H-1612.2          _______________________________________________

 

                                  HOUSE BILL 2084

                  _______________________________________________

 

State of Washington              52nd Legislature             1991 Regular Session

 

By Representatives Prentice, Cole, Brekke, Braddock, Anderson, Day and Leonard.  Read first time February 21, 1991.  Referred to Committee on Health Care.Providing for clinical privileges and staff membership for nonphysician health practitioners.


     AN ACT Relating to nonphysician health practitioners; amending RCW 70.43.020, 70.43.030, 70.170.070, and 74.09.522; adding new section to chapter 70.41 RCW; adding a new section to chapter 70.58 RCW; and prescribing penalties.

 

BE IT ENACTED BY THE LEGISLATURE OF THE STATE OF WASHINGTON:

 

     NEW SECTION.  Sec. 1.  A new section is added to chapter 70.41 RCW to read as follows:

     (1) For the purpose of this section, "health practitioner" means a family nurse practitioner, women's health care nurse practitioner, pediatric nurse practitioner, adult nurse practitioner, nurse midwife, or nurse anesthetist licensed under the authorization of the Washington state board of nursing pursuant to chapter 18.88 RCW, and, effective January 1, 1993, a midwife licensed pursuant to chapter 18.50 RCW.
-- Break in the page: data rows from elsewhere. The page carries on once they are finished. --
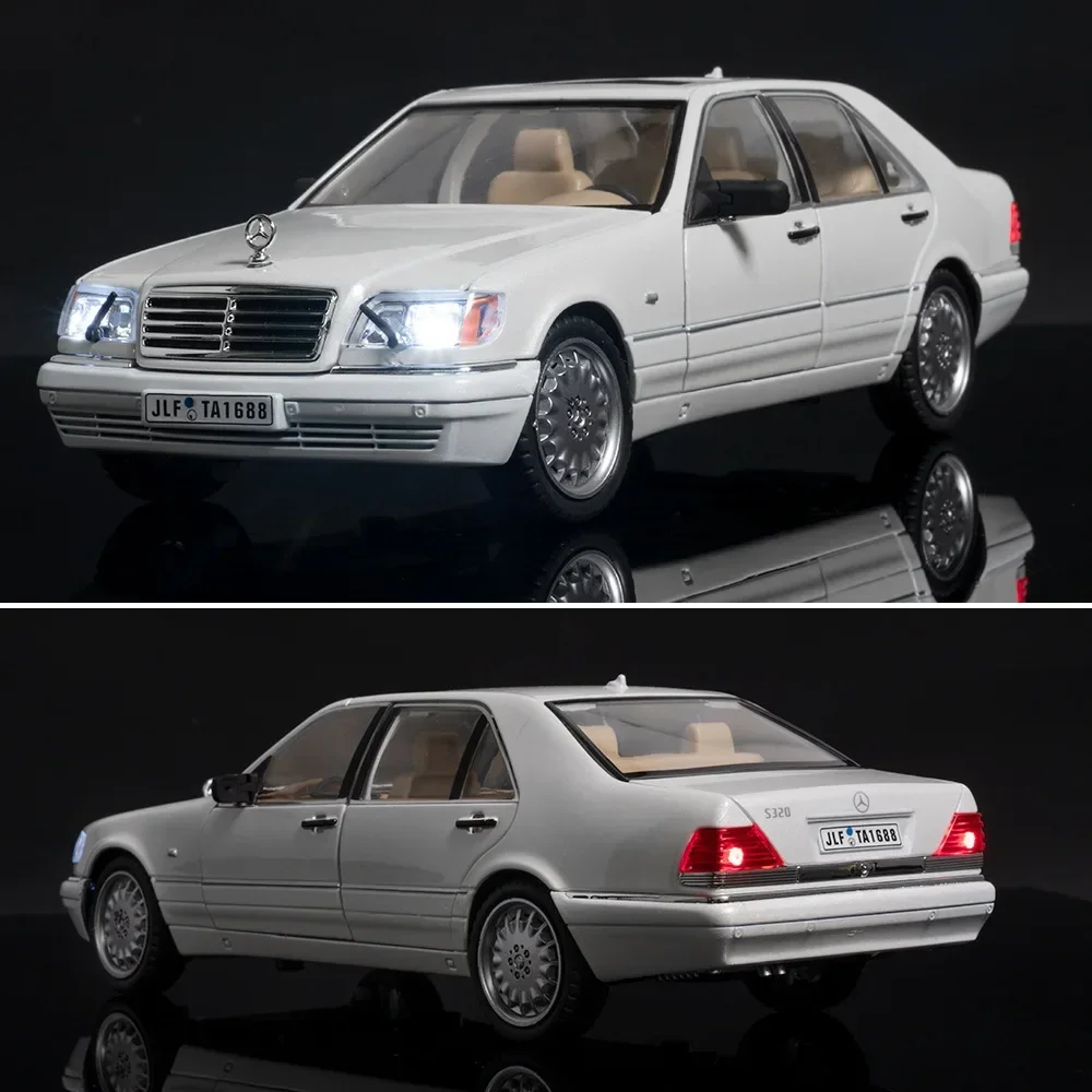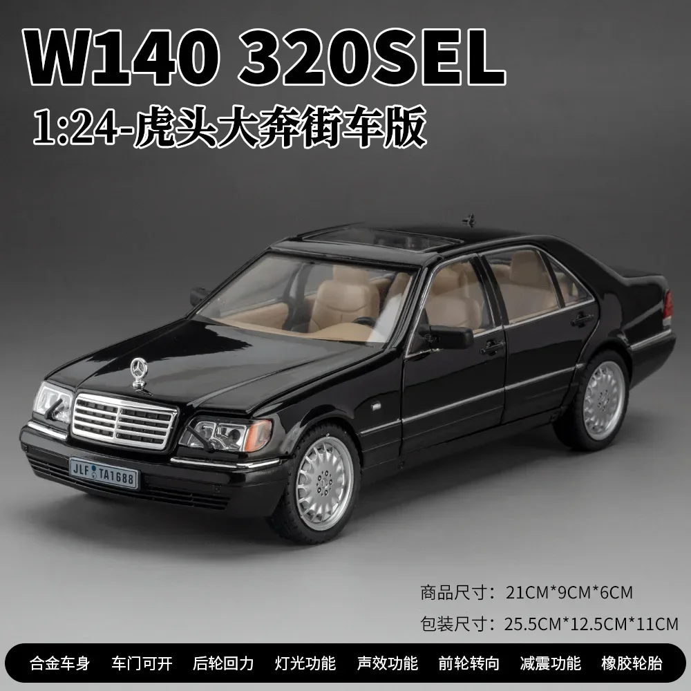 This 1:24 scale diecast model of the Mercedes-Benz W140 320SEL showcases a sleek black body with smooth lines and curves, crafted from durable metal. It features working headlights that emit light and delivers sound effects, adding to its realism. The detailed chrome grille complements the iconic Mercedes-Benz logo on the hood. Clear windows reveal an elegantly designed beige interior, while the wheels resemble alloy rims, further enhancing its authentic appearance. The model operates as a pull-back car and requires a button battery for light and sound effects (not included). This collectible piece is perfect for enthusiasts.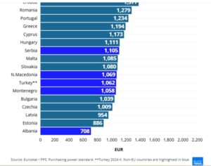 Освен Албанија, земјите-кандидатки за ЕУ имаат подобри резултати во однос на PPS, со поголема куповна моќ.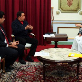 Chávez se reunió en el presidencial Palacio de Miraflores con empresarios y funcionarios colombianos, encabezados por su canciller María Angela Holguín, en la que se firmaron 13 acuerdos de cooperación bilateral.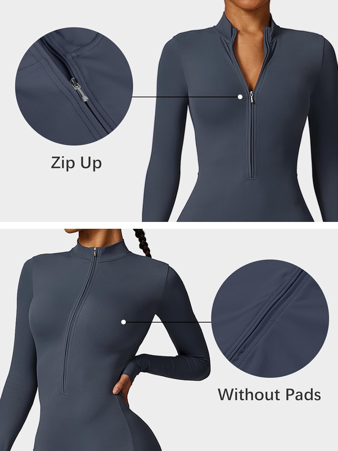 ECUPPER Women Long Sleeve Bodycon Jumpsuits Workout Zip Up Unitard One Piece Full Bodysuits Sexy Yoga Rompers Pants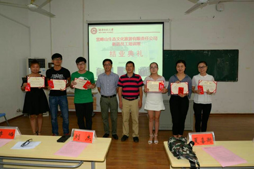 结业典礼上,夏喜衡代表雪峰山旅游公司对培训中被评为“优秀学员”者颁发证书和奖金,夏喜衡、李正益、刘杰、李皓分别为学员颁发结业证书。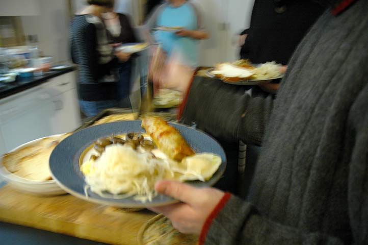 Lisa makes the bulk of the meal each year, while I handle just a couple of the main dishes. She prepares the simple kutya, a pot of stewed buckwheat kernals that’s sweetened with honey (it’s reallllly good!!). She handles the nalynsnyky, a stack of fresh made crepes sandwiched with sweetened cottage cheese layers and baked like a cake. She always has a few friends over the night before the feast for a perogie-making party and this year they made nearly 80 perogies while singing along to the Mamma Mia DVD I bought her for Christmas. Yeah, that was something.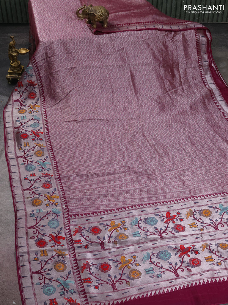 Banarasi semi raw silk saree violet with allover silver zari woven paithani weaves and silver zari woven border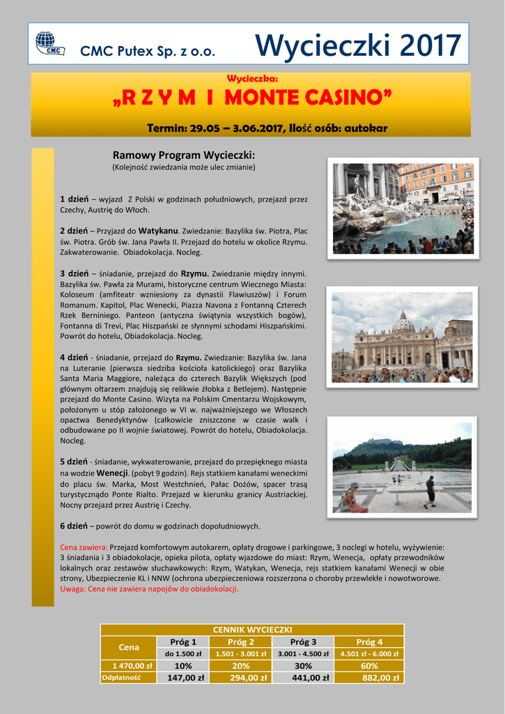 Wycieczki 2017 Wycieczki Ogólnozakładowe CMC Zawiercie SA CMC Putex Sp. z o.o. Wycieczka: „R Z Y M I MONTE CASINO” Termin: 29.05 – 3.06.2017, Ilość osób: autokar Ramowy Program Wycieczki: (Kolejność zwiedzania może ulec zmianie) 1 dzień – wyjazd Z Polski w godzinach południowych, przejazd przez Czechy, Austrię do Włoch. 2 dzień – Przyjazd do Watykanu. Zwiedzanie: Bazylika św. Piotra, Plac św. Piotra. Grób św. Jana Pawła II. Przejazd do hotelu w okolice Rzymu. Zakwaterowanie. Obiadokolacja. Nocleg. 3 dzień – śniadanie, przejazd do Rzymu. Zwiedzanie między innymi. Bazylika św. Pawła za Murami, historyczne centrum Wiecznego Miasta: Koloseum (amfiteatr wzniesiony za dynastii Flawiuszów) i Forum Romanum. Kapitol, Plac Wenecki, Piazza Navona z Fontanną Czterech Rzek Berniniego. Panteon (antyczna świątynia wszystkich bogów), Fontanna di Trevi, Plac Hiszpański ze słynnymi schodami Hiszpańskimi. Powrót do hotelu, Obiadokolacja. Nocleg. 4 dzień - śniadanie, przejazd do Rzymu. Zwiedzanie: Bazylika św. Jana na Luteranie (pierwsza siedziba kościoła katolickiego) oraz Bazylika Santa Maria Maggiore, należąca do czterech Bazylik Większych (pod głównym ołtarzem znajdują się relikwie żłobka z Betlejem). Następnie przejazd do Monte Casino. Wizyta na Polskim Cmentarzu Wojskowym, położonym u stóp założonego w VI w. najważniejszego we Włoszech opactwa Benedyktynów (całkowicie zniszczone w czasie walk i odbudowane po II wojnie światowej. Powrót do hotelu, Obiadokolacja. Nocleg. 5 dzień - śniadanie, wykwaterowanie, przejazd do przepięknego miasta na wodzie Wenecji. (pobyt 9 godzin). Rejs statkiem kanałami weneckimi do placu św. Marka, Most Westchnień, Pałac Dożów, spacer trasą turystycznądo Ponte Rialto. Przejazd w kierunku granicy Austriackiej. Nocny przejazd przez Austrię i Czechy. 6 dzień – powrót do domu w godzinach dopołudniowych. Cena zawiera: Przejazd komfortowym autokarem, opłaty drogowe i parkingowe, 3 noclegi w hotelu, wyżywienie: 3 śniadania i 3 obiadokolacje, opieka pilota, opłaty wjazdowe do miast: Rzym, Wenecja, opłaty przewodników lokalnych oraz zestawów słuchawkowych: Rzym, Watykan, Wenecja, rejs statkiem kanałami Wenecji w obie strony, Ubezpieczenie KL i NNW (ochrona ubezpieczeniowa rozszerzona o choroby przewlekłe i nowotworowe. Uwaga: Cena nie zawiera napojów do obiadokolacji. Cena 1 470,00 zł Odpłatność Próg 1 do 1.500 zł 10% 147,00 zł CENNIK WYCIECZKI Próg 2 Próg 3 Próg 4 1.501 - 3.001 zł 3.001 - 4.500 zł 4.501 zł - 6.000 zł 20% 294,00 zł 30% 441,00 zł 60% 882,00 zł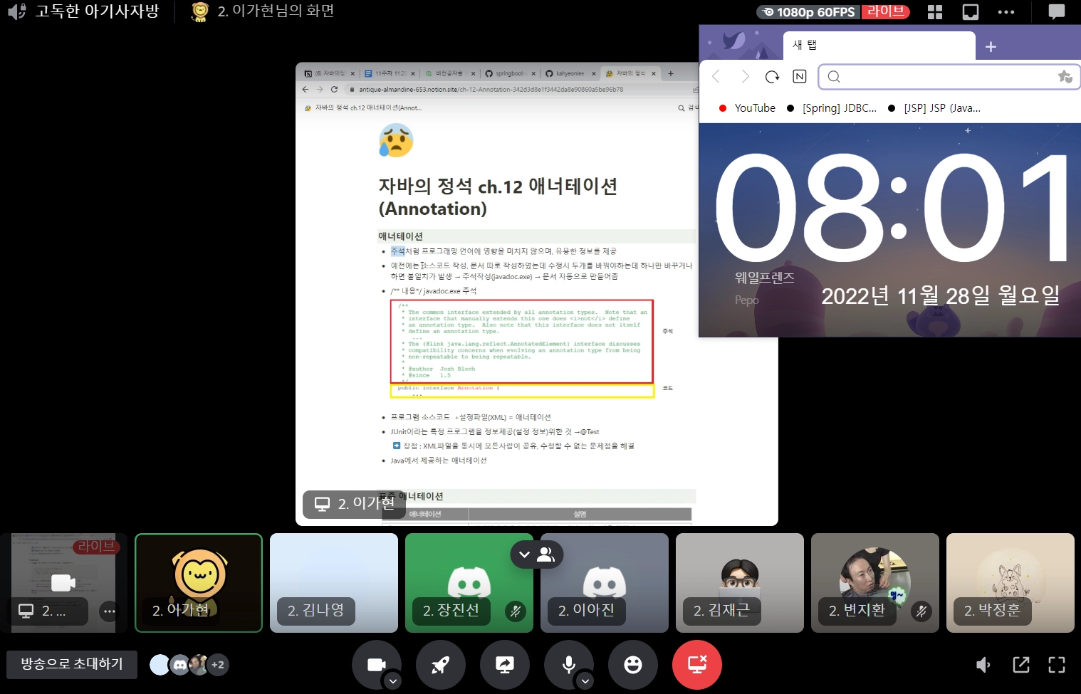 김나영 | 제네릭은 이제 많이 써서 익숙하다 생각했는데 익숙한 것과 잘 아는 것은 큰 차이가 있었던 거 같다.. 지환님이 발표를 하시면서 질문을 하셨는데 머리 속으로 생각 했던 답과 달라서 난 하나도 모르는구나..라는 생각이 많이 들었다. 지환님이 정리를 잘 해주셔서 제네릭은 많이 정리가 되었고 어노테이션 부분도 가현님이 |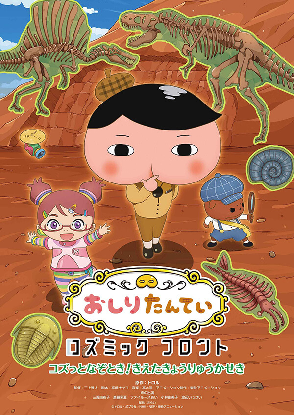 こんな困ったときに頼りになるのは名探偵おしりたんていしかいない!ミックはおしりたんていに調査を依頼することにした。助手のブラウンを連れてやってきたおしりたんていがミックといっしょにクイズや迷路で謎解きに挑戦します。おしりたんていが消えた恐竜化石の謎をププッと解決!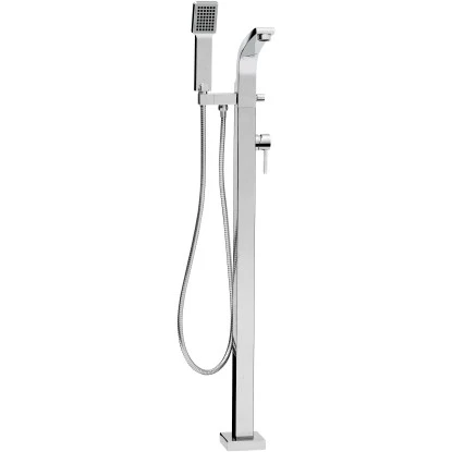 Die Standarmatur für freistehende Badewannen mit gebogenem Auslauf und flacher Handbrause.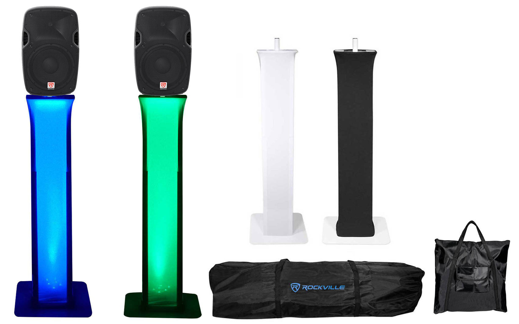 - (2) Rockville RTP32W Totem Moving Head Light Stands+Black+White Scrims+Carry Bags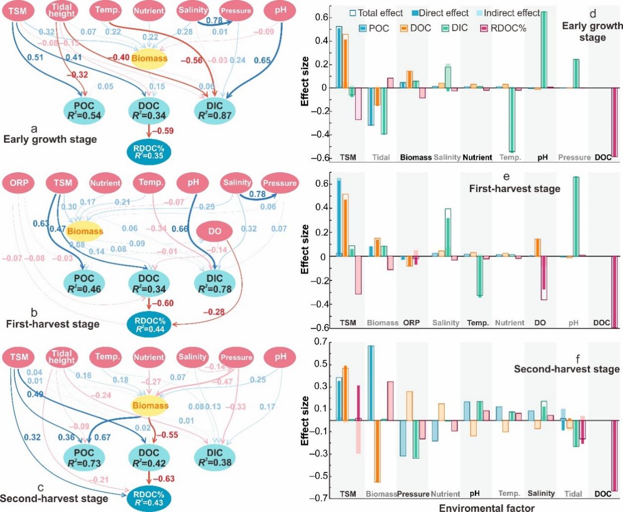 图5 分阶段PLS-PM路径分析结果(a−c)与效应分解(d−f)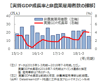 ■アトランタ地区連邦準備銀行が開発した経済モデルによれば、8月30日までに公表された経済指標をもとに推計した18年7-9月期の実質GDP成長率は、前期比年率+4.1%です。4-6月期は同+4.2%でしたので、米経済は引き続き力強く拡大していると言えます。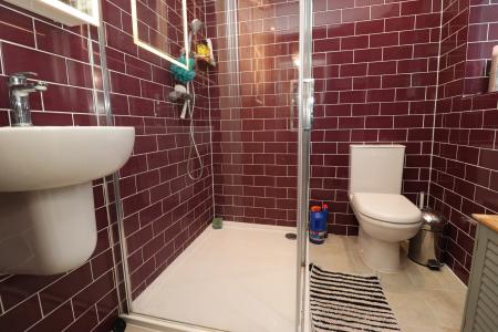 SHOWER ROOM Fitted with a three piece suite comprising of shower cubicle, close coupled WC and wall mounted wash hand basin, tiled walls, tiled flooring, towel radiator and double glazed window to the side aspect.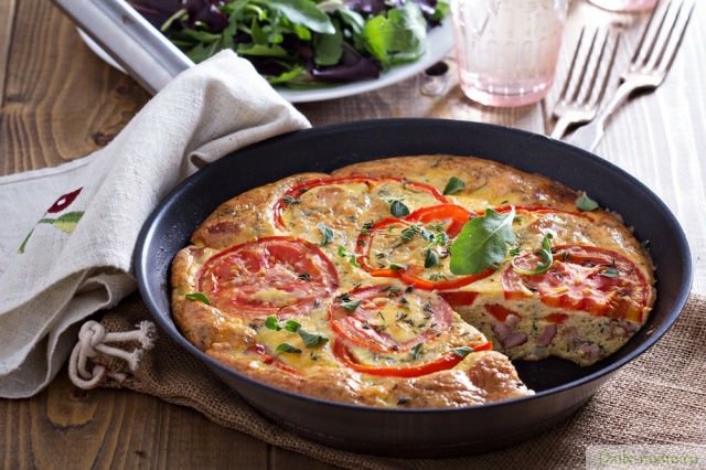яйцо куриное, сливки, 10,0% жирности, ветчина особая, сыр голландский, помидоры, перец болгарский красный, лук репчатый, масло топленое, соль поваренная пищевая, перец черный молотый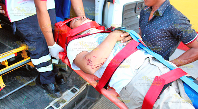 PAPANTLA, VER.- Un albañil que circulaba a bordo de una motocicleta, resultó lesionado luego de que un vehículo particular le cerrará la circulación al llegar a un peligroso crucero ubicado en las calles Andrés Quintana Roo y Juan de la luz Enríquez, en pleno centro de la ciudad.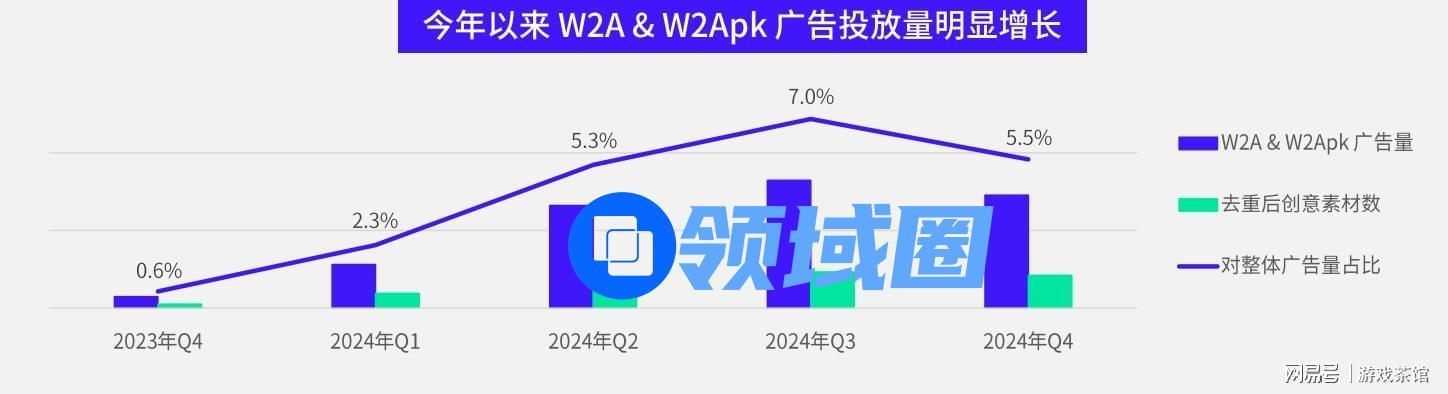 除了小游戏、副玩法买量、AIGC 等热门趋势,过去一年来 Web to App 和 Web to APK 投放方式的崛起,使得广告主可以触达 App 内广告以外的互联网流量池,由此成为移动营销新的流量破局思路。根据 AppGrowing 国际版数据监测,这两类广告投放量在过去一年呈现快速增长的趋势,Q3 在整体广告量的占比中一度达到 7%。

     (2) After December 31, 1991, it is unlawful for any hospital licensed under this chapter, except a hospital that directly employs its medical staff, to prohibit a health practitioner from being accorded clinical privileges and appointed to all categories of staff membership if the hospital offers health services that can be performed by the health practitioner within the scope of her or his practice and consistent with standards set forth in subsection (3) of this section.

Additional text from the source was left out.